Renewable energy output can be scaled up by — introducing reforms to improve investors’ confidence, removing entry barriers such as difficulty in land acquisition, boosting domestic manufacturing of Photo Voltaic cells and wind equipments and incentivising the adoption of roof-top solar, the report suggested
“India needs to produce excess energy and generate it through sustainable methods and conserve it by minimising losses during transmission, distribution and consumption,” the study noted.
The debt incurred by power distribution companies (DISCOMS) is a problematic aspect of the supply chain in terms of its finance. The DISCOMS are characterised by negative net worth and debt amounting to Rs 36,7932 crore and Rs 589,000 crore, respectively.
Electricity theft and technical losses can be reduced by — shifting towards high voltage direct current transmission lines for long-distance transmission, imposing stricter penalties for transmission network developers upon default and expediting the development of inter-state transmission lines, the report suggested.
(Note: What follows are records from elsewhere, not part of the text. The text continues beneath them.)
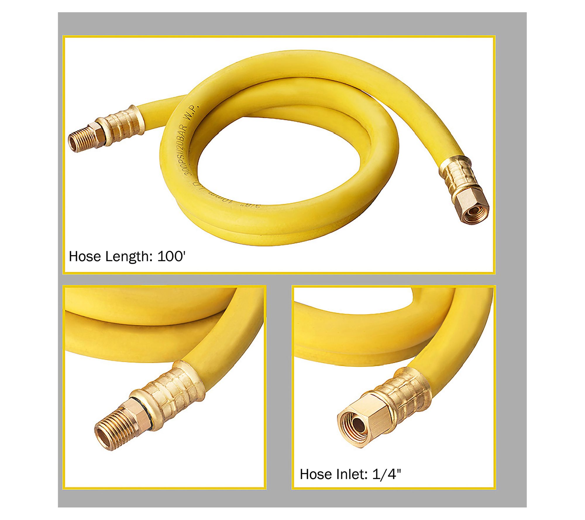 • Professional-grade, rubber hose withstands up to 300psi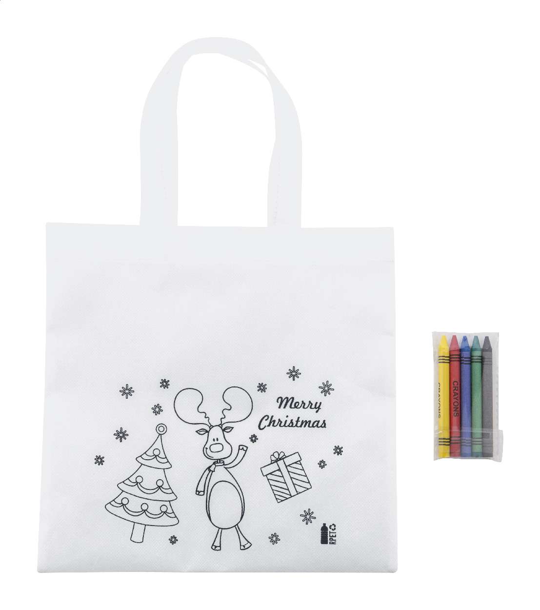 Borsa per la spesa a tema natalizio da colorare in tessuto non tessuto RPET con 5 pastelli.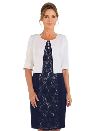 Kostium damski, prosta sukienka z koronkowym żakietem 33396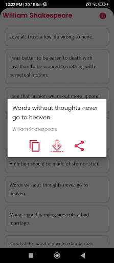 William Shakespeare and Saying अपने सरल लेकिन प्रभावी इंटरफ़ेस के साथ इसे अत्यधिक लोकप्रियता मिली है। हमने स्थापित करने के लिए दो सर्वोत्तम विधियों को सूचीबद्ध किया है William Shakespeare and Saying पीसी विंडोज लैपटॉप पर. उल्लिखित दोनों एमुलेटर पीसी पर ऐप्स का उपयोग करने के लिए लोकप्रिय हैं। पाने के लिए आप इनमें से कोई भी तरीका अपना सकते हैं William Shakespeare and Saying पीसी विंडोज 11 या विंडोज 10 के लिए.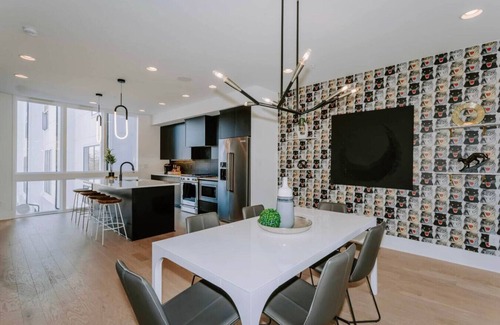 This double-stacked Nashville escape is made for big moments and even bigger groups. With two bold, modern townhomes side by side—each featuring 4 bedrooms, 4.5 baths, custom murals, rooftop patios, and hot tubs—you’ll have space for up to 24 guests to stretch out, celebrate, and soak up the rhythm of Music City.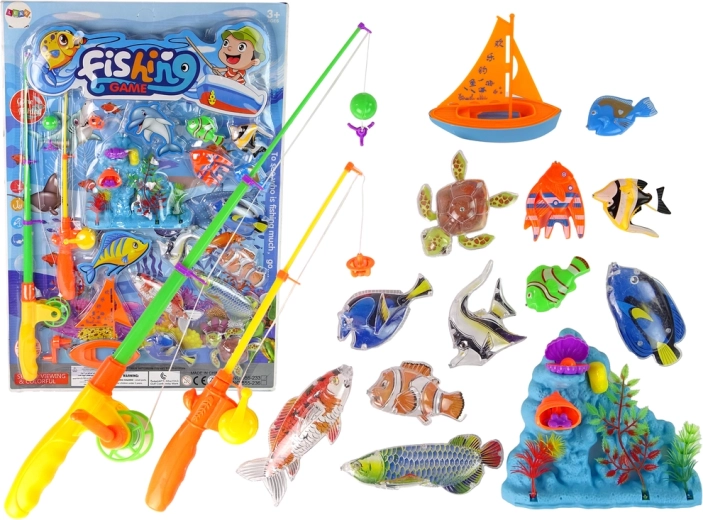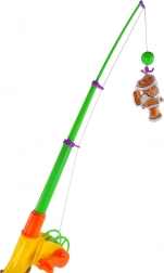 Das Set enthält zwei Angelruten, 11 Fische und Zubehör. Die Ruten verfügen über eine montierte Spule, mit der die Schnur abgesenkt oder angehoben wird, und am Ende ist ein Magnet zum Fangen der Fische befestigt. Das erfordert vom kleinen Angler eine ziemlich hohe Präzision.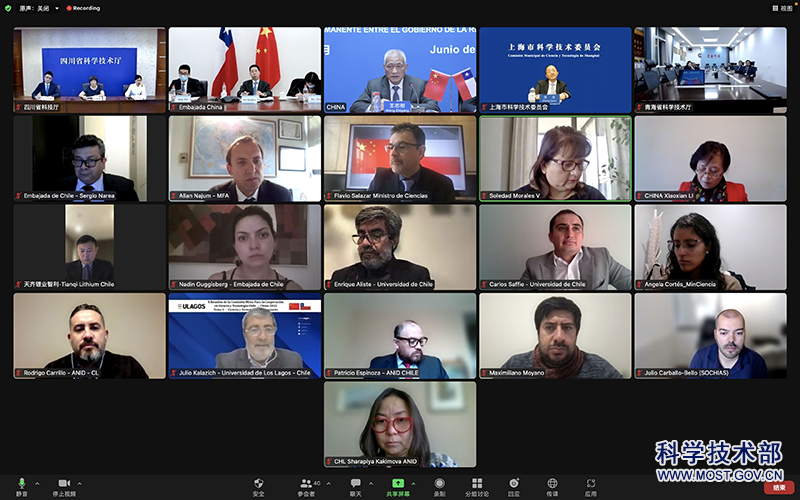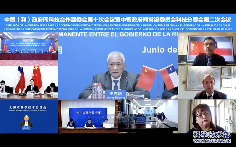 2022年6月17日,中智政府间科技合作混委会第十次会议暨中智政府间常设委员会科技分委会第二次会议以视频方式举行。中国科技部部长王志刚与智利科技、知识与创新部部长弗拉维奥·萨拉萨尔共同召开会议并做主旨讲话,双方有关代表参会发言。

Another way to achieve this is by establishing a smart grid, the researchers noted. Smart grids can increase grid reliability, reduce transmission and distribution losses, optimise demand side management, support renewable integration, improve self-healing capacity and ensure optimal grid usage, the report added.
“India’s decaying transmission network and ever-worsening financial situation of most state DISCOMs have plagued development in the power sector over the last decade,” said Brajesh Singh, head of Arthur D Little India’s Energy and Utilities Practice, said in the press release.
A phase-wise approach with tactical capacity augmentation projects and financial assistance to private distributors through tax rebates and conducive loan structures could revive the power sector,” he added.